If their polls don't match up with the final results, their credibility will suffer, and there ain't much left to market if you are a pollster with no credibility. Even Fox understands this when it comes to polling.



Let me start with a little full disclosure on my part. Politically, I am on the right side of the aisle. I tend to think of myself more as conservative than Republican. While I had 20 some hours of math in college, statistics is definitely not my strong suit. Those who write the articles on this site, and even most who post comments, are way better at that sort of thing than I am. So call me an interested observer.

I have to agree with Mr. Brambster's conclusion. In my admittedly amateur opinion, it looks like many polling organizations are engaged in outright propaganda.

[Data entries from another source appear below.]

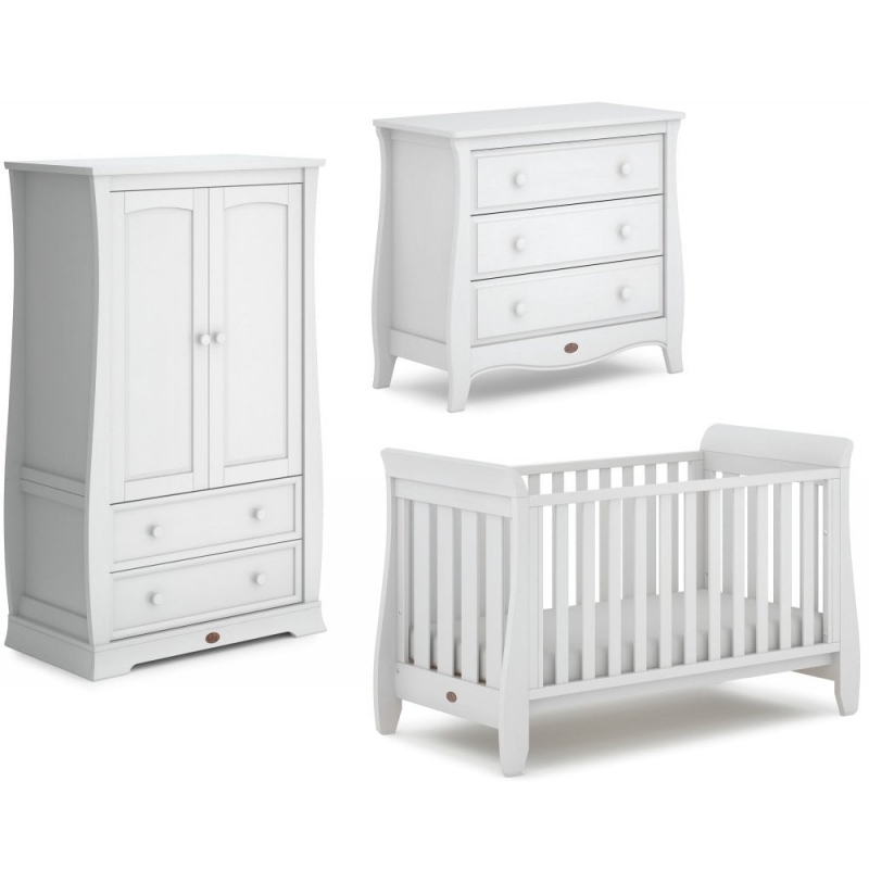 Package Includes: Boori Urbane Sleigh Cot Bed Boori Sleigh 3 Drawer Chest Boori Sleigh Wardrobe Boori Urbane Sleigh Cot Bed: The Sleigh Urbane Cot Bed offers a beautifully modern interpretation of a timeless classic, it has unmistakable sleigh detailing but features a sleek and petite silhouette. This stylish baby cot is crafted with sustainable solid wood and has the ability to transform into a toddler bed, lasting you from birth to around 5 years. A Toddler Guard Panel can be purchased separately for additional peace of mind. Features: Our Sleigh Urbane Cot Bed is crafted with sustainable solid Australian Araucaria wood. Finished in our unique Eco-Blend Bio-Paint which is made with renewable plant extracts. Converts from cot to toddler bed suitable from birth to around 5 years. Option to rotate the fixed side panel to provide a low side when converted to toddler bed for greater safety and stability. 2 base heights. Higher base height for easy access to newborns, lower base height for when baby is able to pull themselves up. Packed flat for easy home assembly with full instructions included. Toddler Guard Panel available to purchase separately. 5 Year Warranty This furniture carries a 5 year manufacturer?s warranty as testimony to the quality and longevity of the range. Easy Assembly This furniture is easy to assemble. Full instructions are included. Sustainable Australian Timber We use natural, sustainable materials that are good for your home and the planet. We use timber from Australia and Europe famed for its durability and quality, and hand select each piece to ensure we use the most stunning grains. Eco-Blend Bio-Paint Our unique Eco-blend is an environmentally-friendly paint finish made with renewable, non-toxic plant extracts including soy bean and corn. As well as enhancing the natural beauty of our wood, these natural ingredients will help reduce the chemical exposure in your home. Dimensions: Height: 97cm Width: 78cm Length: 153cm Requires Boori Cot Bed
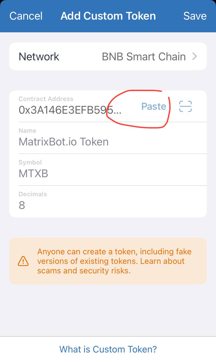 Вставьте адрес контракта токена MTXB: 0x3A146E3EFB59567366b0C94fFfa97273736Adbb1
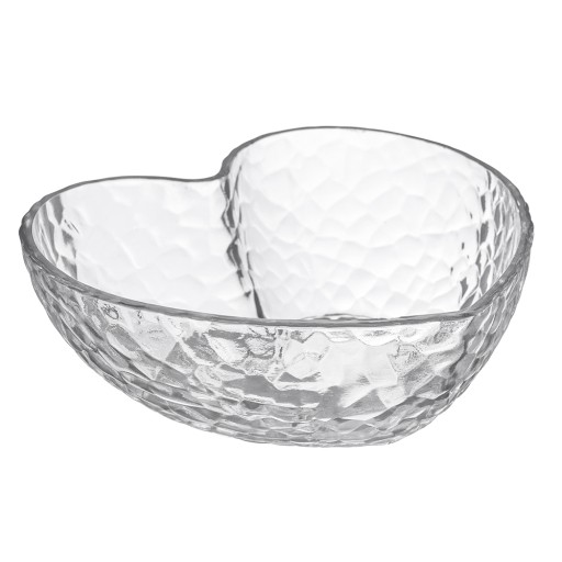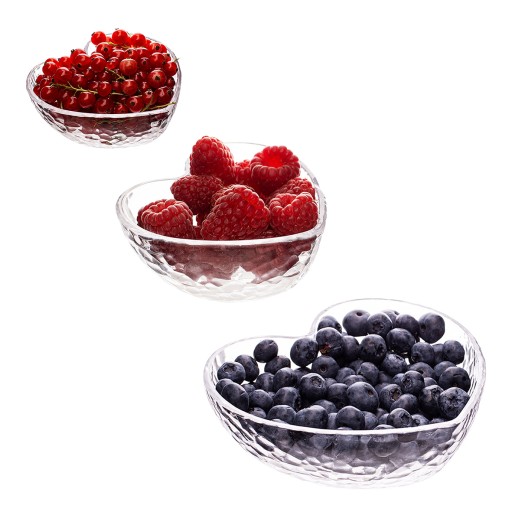 Zestaw 3 szklanych salaterek w kształcie serca.
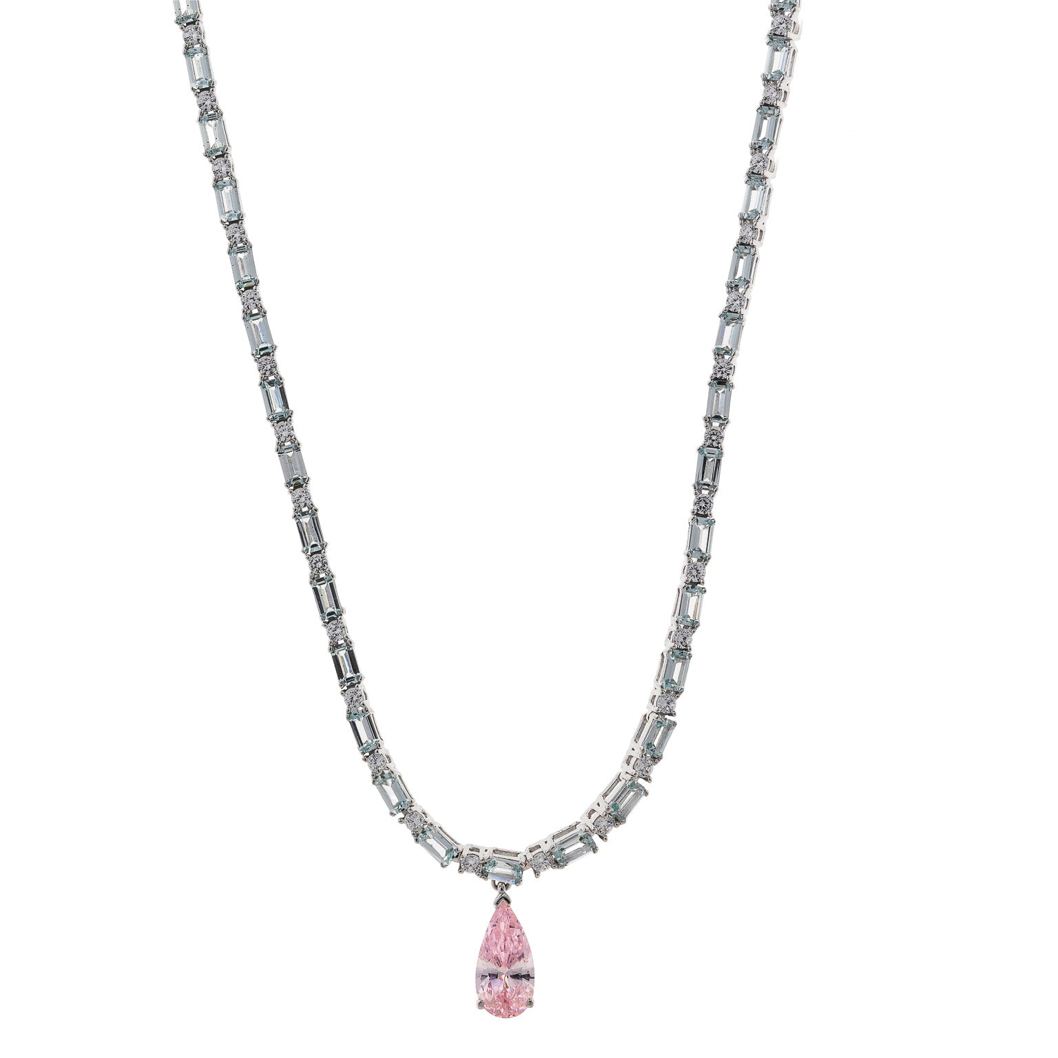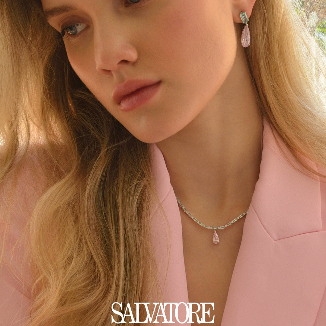 Елегантно сребърно колие с розови и зелени циркони. 136C0414
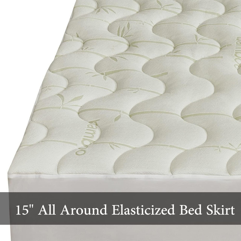 40% Rayon derived from Bamboo, 60% Poly Jacquard Fitted Mattress Pad, filled with 100% Polyester Hypoallergenic Clusters Waterproof Breathable soft fabric, cools down your body temperature then provides you with a luxurious feel Features a stitched Wavy Shape Design to keep filling in place. Fitted Sheet Style Mattress Pad with elastic all the way around, fit up to 15 Inch deep. Split top King Size Mattress Pad 78 x 80 Inches, 32 Inches Head Split. Machine wash in cold water

Let's assume that after all the votes were counted the actual margin between the two major candidates was 7%. I looked at numerous web sites, and found no two with the same number. In general, they run from 6.7% to 7.2%. I believe the NCPP analysis used 6.7%. The exact number is not really that important.

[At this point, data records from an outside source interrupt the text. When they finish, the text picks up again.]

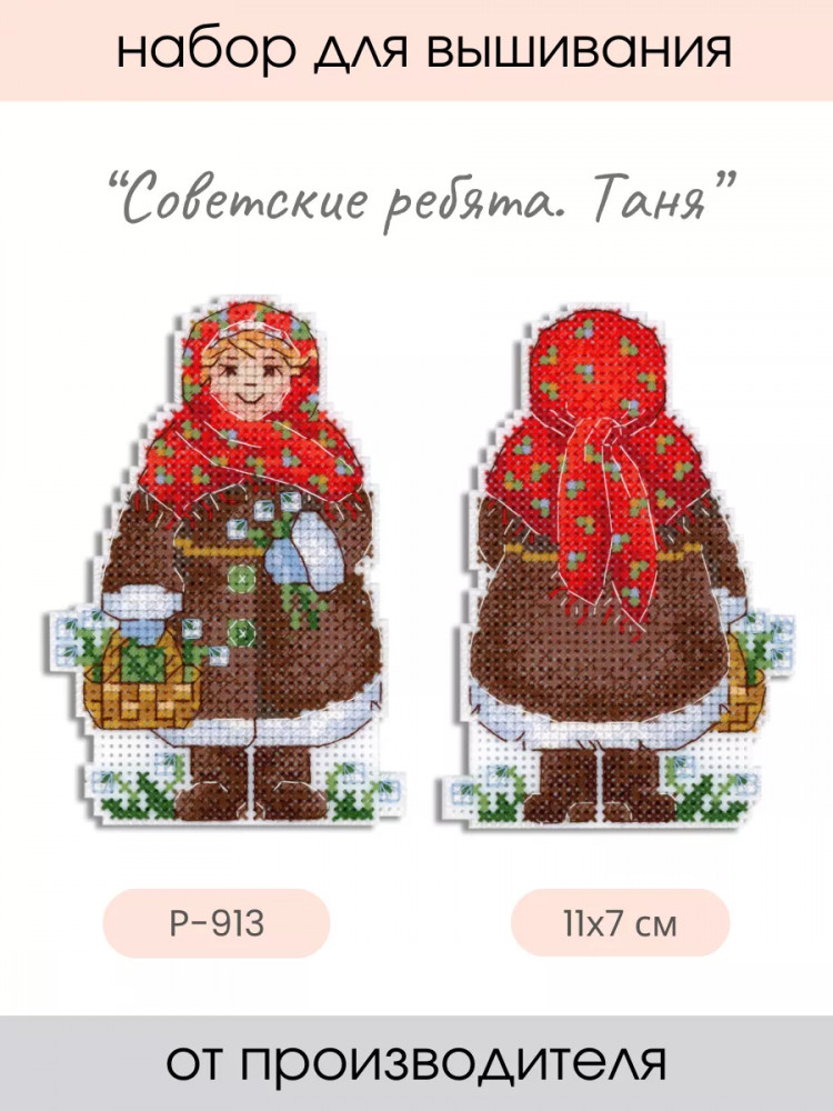 💳 Оплатить за товар можно при получении 🇰🇿 Есть бесплатная доставка по Казахстану от 1 дня 🎁 Копите бонусы с каждой покупки Серия: Советские ребята Сделайте своими руками яркий сувенир «Советские ребята. Таня» — это увлекательно и быстро. Набор подойдет даже начинающим, достаточно проявить терпение, аккуратность и освоить простую технику крест. Пяльцы или рамки не понадобятся — пластиковая канва отлично держит форму. Готовые элементы надо вырезать по контуру и соединить между собой аккуратными стежками. При желании вклейте между деталями ленту-подвес. Украсьте этим сувениром праздничный интерьер или преподнесите его как подарок. |
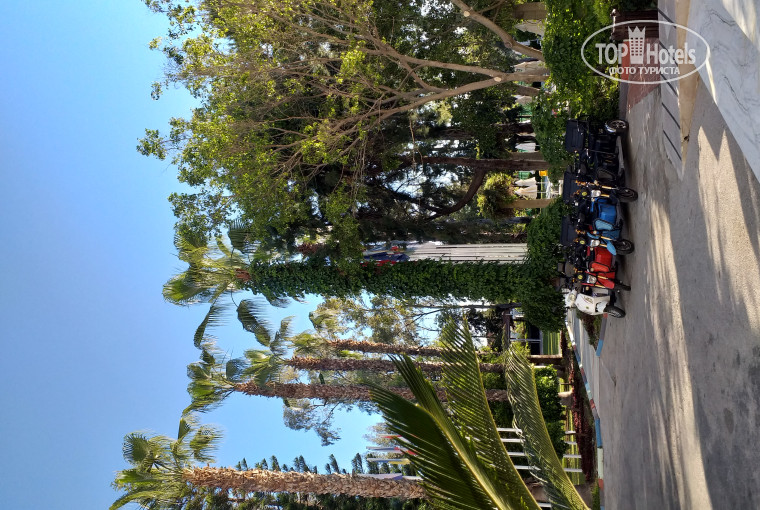 Так же начитались негативных отзывов об отеле, но всё равно рискнули сюда приехать. И в целом не прогадали. Да отель обветшал, но это единственное что может слегка расстроить. Территория отеля вся в зелени. Номера в основном корпусе приличные. Персонал заточен под русских и сразу предлагает номера с видом на горы и море(10-20$). На территории два бассейна для разного отдыха. В первом бассейне - анимация, музыка, бар в двух шагах, а второй с другой стороны здания - в тишине+горки. С лежаками проблем не было.
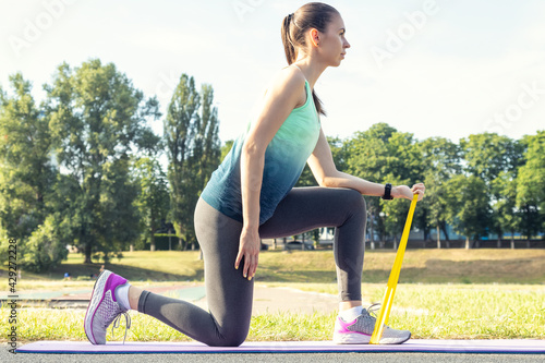 Fototapeta premium Young woman is engaged with fit elastic band on a fitness mat. Exercise to...
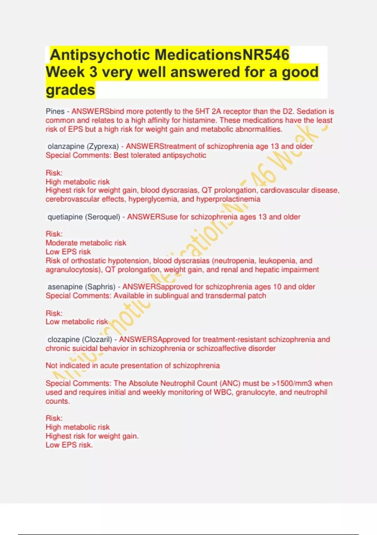 clozapine (Clozaril) - ANSWERSApproved for treatment-resistant schizophrenia and

In my opinion, Sen. Obama widened his lead in the final weeks of the campaign to arrive at that final margin of about 7%. From what I saw on the news, if any of it is to be believed, the Democrats out-GOTV'ed the Republicans this time. And, supposedly, it wasn't close. Another thing that I believe contributed to Sen. Obama widening his lead in the last few days was the infomercial. Let's give credit where it is due. That was extremely well done.

Putting all of the above together, it looks to me like for most of October the Obama lead had to be somewhere near or below the 7% final margin. The trend line on this site shows both candidates picking up support as the undecided's came around, but no significant change in the gap between the two.

Which brings me around, finally, to "house effect" or even outright propaganda. While I can't explain it in technical terms as well as most others on this site, I am aware of MOE, sample size, and other contributing factors. The numbers came from this web site. I started to list a bunch of them, but why? If you are really interested, I just told you where you can find them.

Rep bias:

Rasmussen does indeed look to have a Rep bias. I would not argue with 2-3 points. It was never a 3 point race a week before the election. While they may typically be within MOE, when they are off it is always in favor of Reps. Others that appear to have similar numbers include GWU, ARG, and IBD/TIPP.

Dem bias:

ABC/Post I would make the same argument as Rasmussen, except in Dem's favor. Same for Gallup and Marist.

BIG Dem bias:

CBS/Times consistently had a double digit Dem lead. Obvious bias, more than any 2-3 points. Their poll releases should have all ended with "I'm Barack Obama and I approve this message." Similar results for Newsweek, Pew, and except for the last week or so the Daily Kos.

No bias:

Numbers typically look like they are within MOE and tend to randomly vary.
CNN (which surprised me, I thought they were a bunch of libs)
Democracy Corps
FOX (Another surprise, I thought they were right of me)
NBC\WSJ (If FOX's numbers are OK, these guys are too)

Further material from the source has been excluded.